- 1 Abstract
- 2 Reasons
- 3 Base libraries
- 4 Functionality pools
- 5 Implemented functionality
- 6 Performance comparison
This artcile presents HED - set of functional libraries used for development Grid-oriented middlewware called ARC . The HED name appeared as abbreviation at early development stage and meant Hosting Environment Daemon. Initially HED was represented by the container of the functional components of ARC middleware. Later the scope of HED grew wider and now also covers set of libraries providing core functionality for developing flexible pluggable applications as well as minimal set of core plugins. The whole design of the HED is built around the idea of flexibility and modularity. This is why the HED mostly consists of pluggable modules with some glue among them.
The current set of plugins mostly provides modules for building SOAP based Web Services. But it would be a mistake to see the HED as yet another Web Services development framework. Its purpose is rather to merge Web Services with other functionality necessary for modern Grid middleware in seamless way avoiding and overcoming frequent incompatibility problems araising from usage of multiple third-party implementations of required features. On another hand purpose of HED is not to reimplement features but provide glue for binding existing implementations whenever possible.
Modern complex Grid middlewares must cover wide scope of functionalities ranging from SOAP processing to efficient bulk data transfers using broad set of protocols. Wide scope leads to extremely broad complex and sometimes self-contradicting set of external dependencies. In practice that may limit applicability of final product to limited set of operational environments - limited range of supported versions and distributions of operating systems, platforms, etc. The HED tries to fight this issue by communicating external components mostly through pluggable modules hence allowing for flexibility in choice of external dependencies. On expense of provided functionality, of course.
Another positive outcome of using modules wrapping access to external software is that modules of same kind may provide same interface optimized for particular problem hence making it easier to access functionality from application code. In this way HED acts mostly as glue layer for bringing expandable functionality of external components together.
The HED code is written in C++. The choice was mostly influence by te fact that functionality provided by C++ code can be relatively easily interfaced from languages of interest, like Java, Python, Perl, etc. On another hand C++ is can natively use C API provide by low level operating system interfaces like those defined by POSIX.
Code uses glibmm for achieving idependence on execution platform. HED libraries expand capabilities of glibmm to achieve even better portability.
Other commonly used functionalities are provided by widely known libraries like libxml2 and OpenSSL.
Functionlity provided by core libraried of the HED is very limited.
The approach of HED is to use pluggable modules for implementing various functionality.
Functionality provided by HED is split into few fields.
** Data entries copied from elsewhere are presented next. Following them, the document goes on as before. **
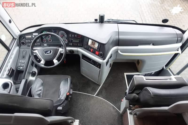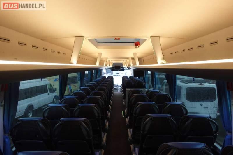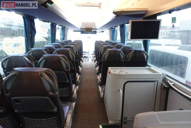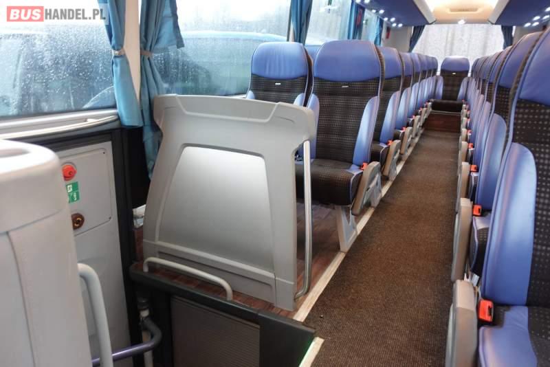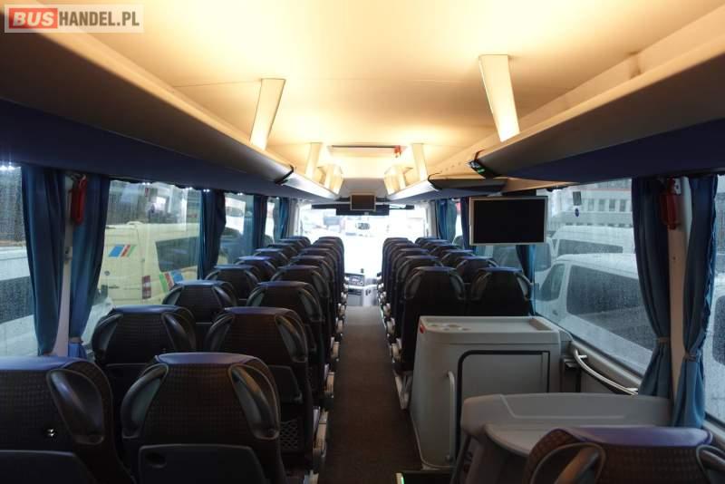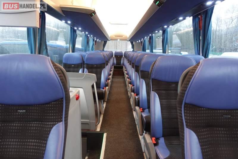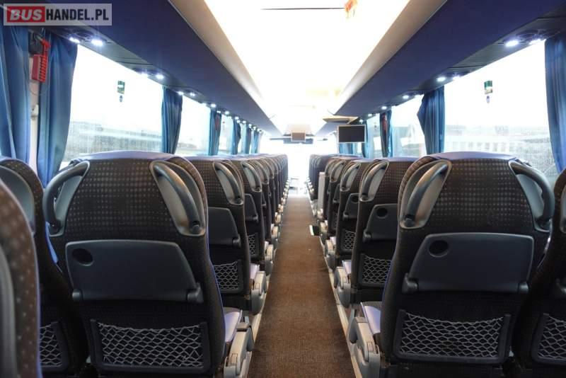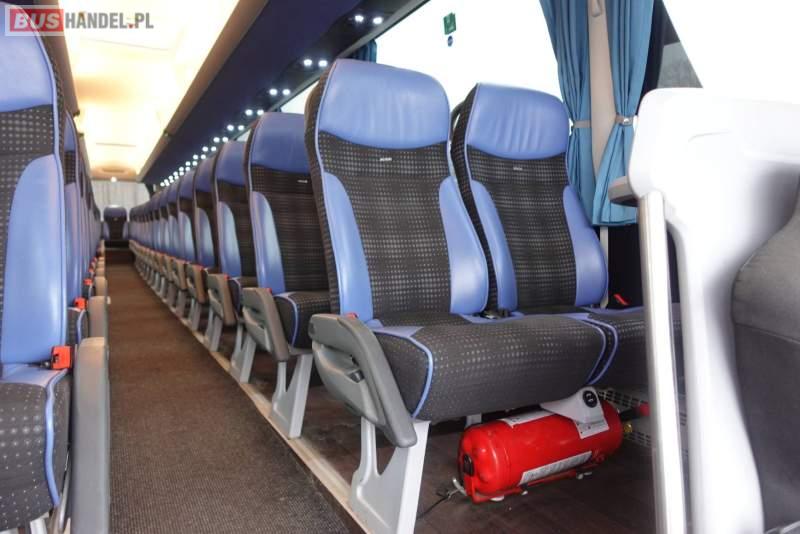 : klimatyzacja, video, WC, lodówka, kabina sypialna, oświetlenie indywidualne, nawiewy dyszowe, fotele odchylane, podnóżki, stoliczki, siateczki, ABS, ASR, tempomat, retarder, nawigacja, CD, mikrofon, radio, fotele odchylane i rozsuwane, regulacja wysokości nadwozia, centralny zamek, podwójne szyby boczne, wspomaganie kierownicy, elektryczne lusterka, ogrzewanie stacjonarne, DVD, ESP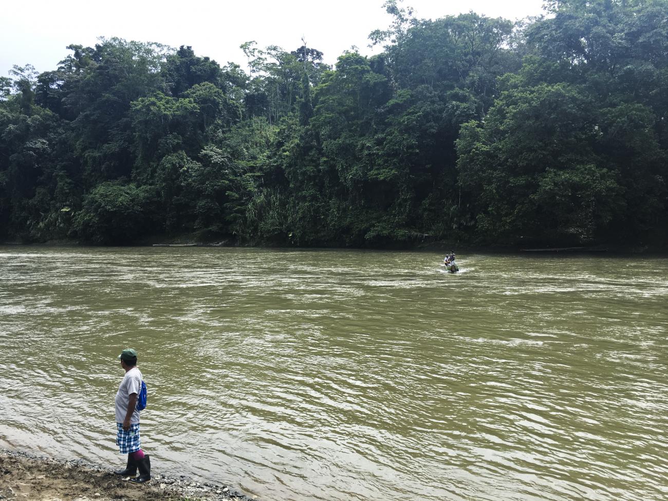 To arrive to the classroom where the meeting with the government was held, men and women of all ages walked between banana plantations and crossed the river by raft.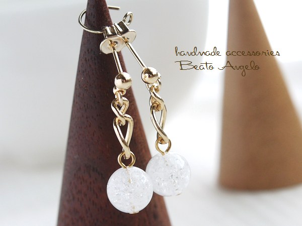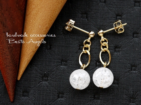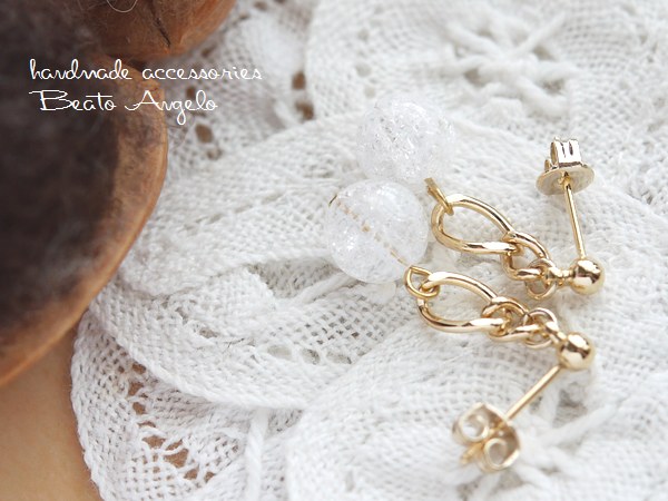 ◆◆+angelo+天然石クラック水晶のチェーンピアス(p-008)G フィガロ シンプル 夏 ポストピアス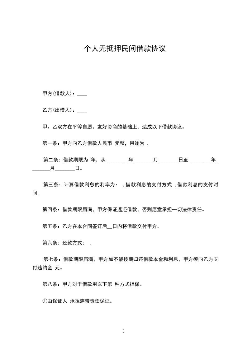 第一条:甲方向乙方借款人民币 元整,用途为 .

Those are described below.
- Low level communication protcols handling
- High level data management
- Computational job management (client side)
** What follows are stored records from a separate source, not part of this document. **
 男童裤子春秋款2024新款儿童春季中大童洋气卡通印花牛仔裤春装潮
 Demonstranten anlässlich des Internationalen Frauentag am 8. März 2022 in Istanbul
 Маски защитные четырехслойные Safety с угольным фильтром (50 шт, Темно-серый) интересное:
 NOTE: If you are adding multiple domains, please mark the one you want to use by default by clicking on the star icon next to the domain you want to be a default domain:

- Authentication and authorization
This part provides low level communication protocols handling. It includes base library providing basic functionality, loading capabilities for corresponding plugins and patterns for building such plugins. Plugins are arranged in processing chains and operate on messages representing useful informational payload and some amount of associated attributes. Messages undergo various transformation while traveling through chains forth and back. Among implemented plugins are those handling TCP, HTTP and SOAP protocols. Implementation provides support per-message and per-session contexts and associated generic and security-specific attributes. The protocol chains may be implemented in two ways - for client and server side of communication. In case of server side chains end with special plugin implementing functionality of attached service.
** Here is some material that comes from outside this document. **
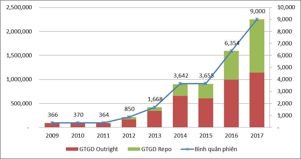 Kết quả giao dịch: Quy mô giao dịch trên thị trường tăng trưởng mạnh mẽ qua các năm, năm 2017 tổng giá trị giao dịch đạt 2.249.964 tỷ đồng, tăng 24,6 lần so với cuối năm 2009. Giá trị giao dịch bình quân phiên tăng từ mức 366 tỷ/phiên năm 2009, 1.000-1.200 tỷ đồng/phiên năm 2012, lên mức 1,668 tỷ/phiên năm 2013, đạt 3,642 tỷ/phiên trong năm 2014, và lên mức 9.214 tỷ đồng/phiên năm 2017, bằng 0,67% dư nợ trái phiếu Chính phủ, tăng 40% so với năm 2016 và gần gấp đôi so với mức thanh khoản trên toàn thị trường cổ phiếu. Giá trị vốn hoá thị trường đạt 997,5 nghìn tỷ đồng, tương đương 22% GDP và tăng 7,2% so với năm 2016. Thị trường đạt giá trị giao dịch cao với 50/250 phiên (20%) có giá trị giao dịch trên 10.000 tỷ đồng/phiên, trong đó có phiên giao dịch kỷ lục đạt trên 16.000 tỷ đồng/phiên vào ngày 26/9/2017.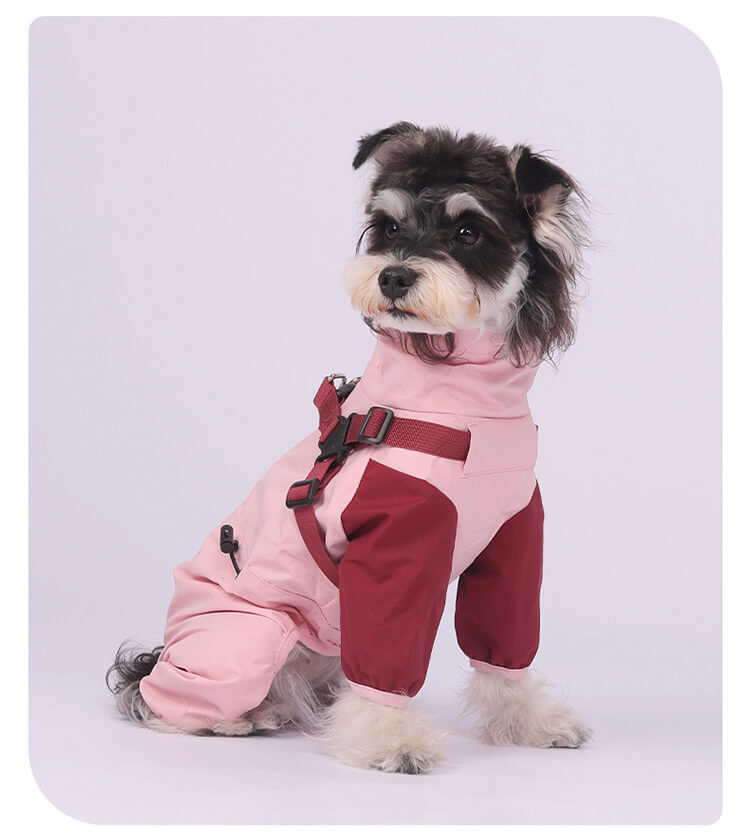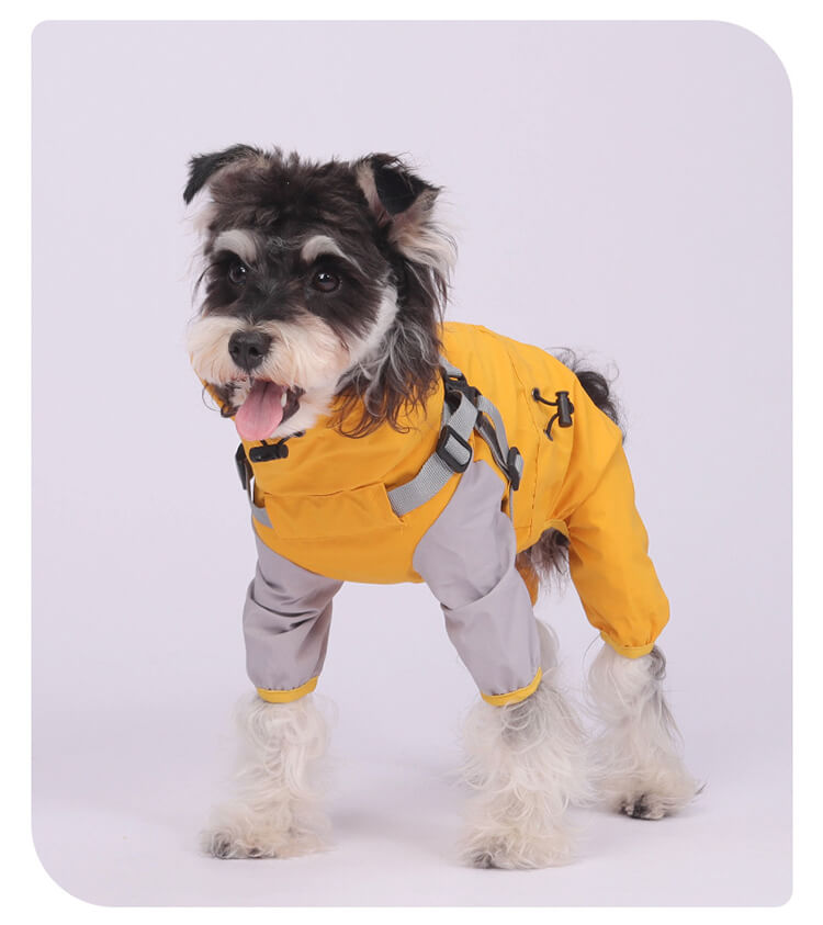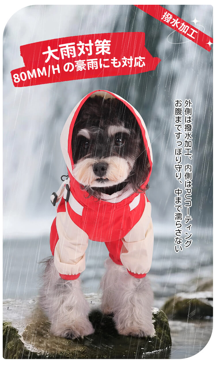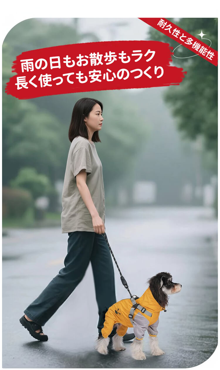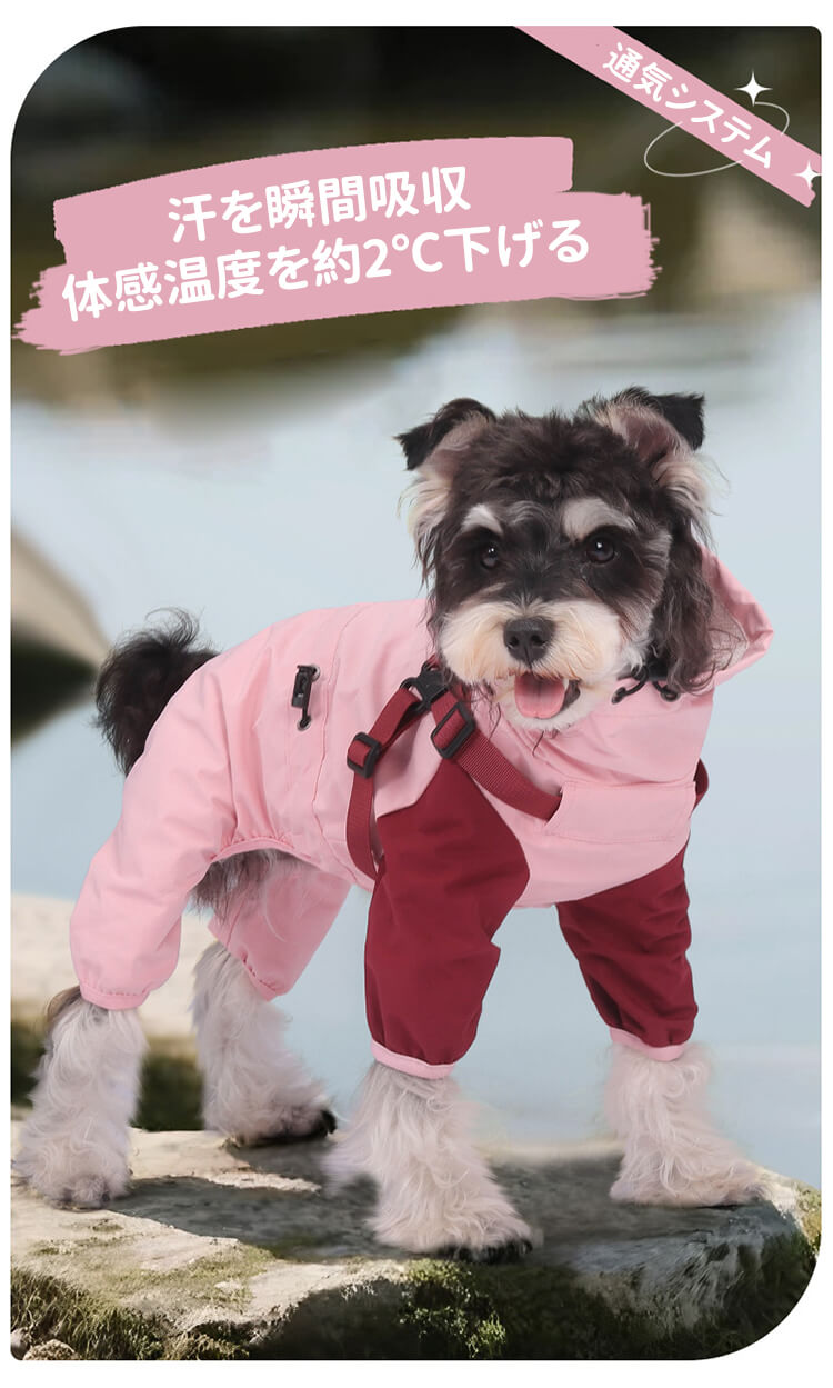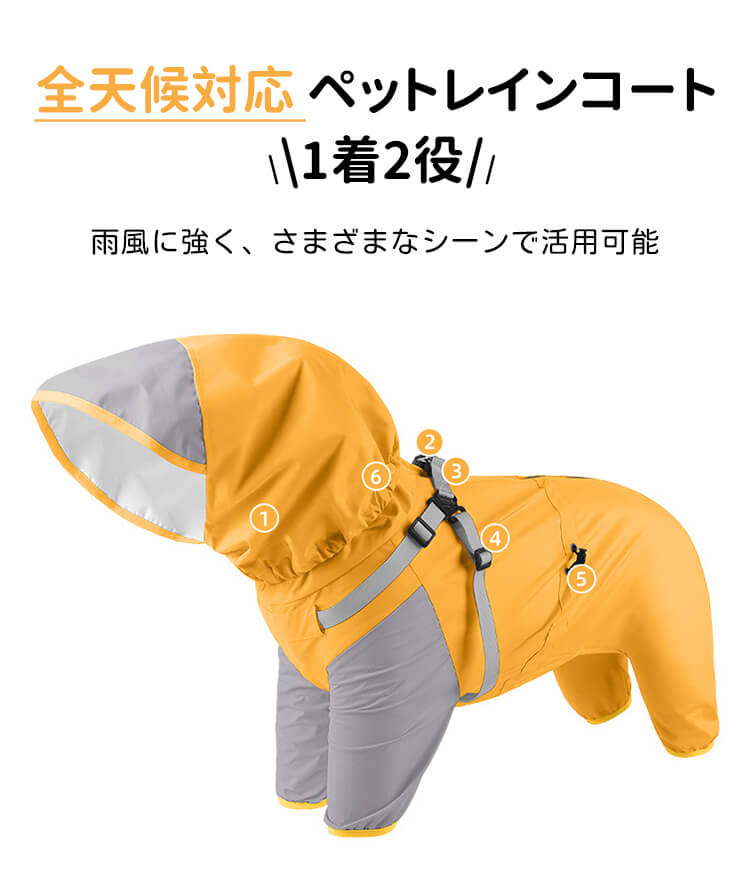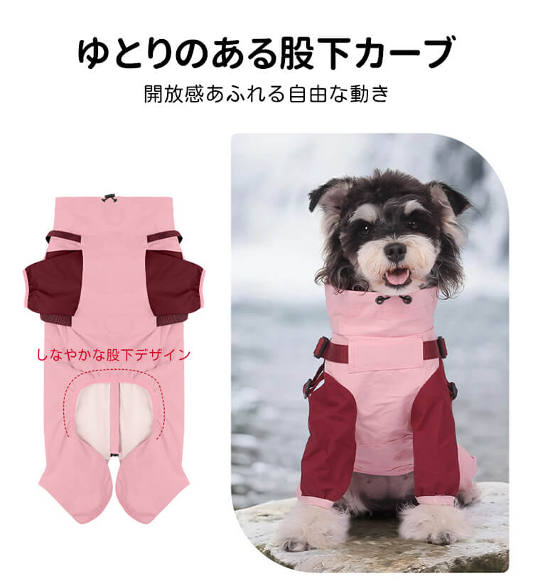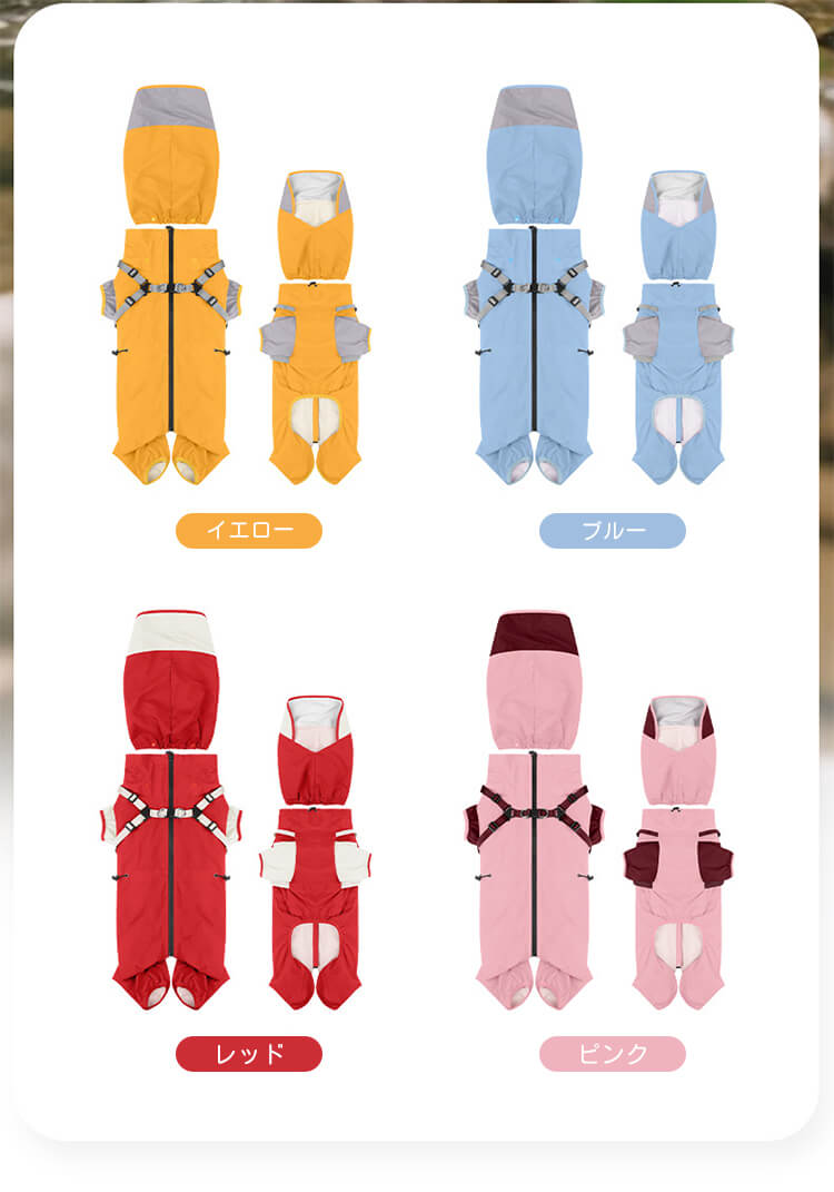 ペットレインコート 一体型ハーネスリード付き 4足タイプ 犬用レインウェア 通気性抜群 防風 防湿 撥水加工 二重防水構造 S-3XL 激しい引っ張りにも強い 蒸れない 快適 長持ち 全天候対応 雨の日散歩も安心

Figure. Message propagation through protocol chain.
This part of the HED implements high level data management and provides interface for querying information about data objects - usually files or directories - and transfering their content. Base code provides capabilities for choosing, loading and calling methods provided by proper plugin. The set of implemented plugins provides support for protocols like LDAP, HTTP, LFC, RLS and others. Some of plugins use third party implementations of protocols. And some use protocol chains.
Figure. Data management library and plugins.
Computational task control
There is a set of plugins implementing functionality for managing submission, control and result retrieval of generic purpose computational tasks for various implementations of computational Grids. Those include support for both versions of ARC execution service , UNICORE , CREAM  of gLite and generic BES  service. There is also set of plugins implementing various brokering algorithms available.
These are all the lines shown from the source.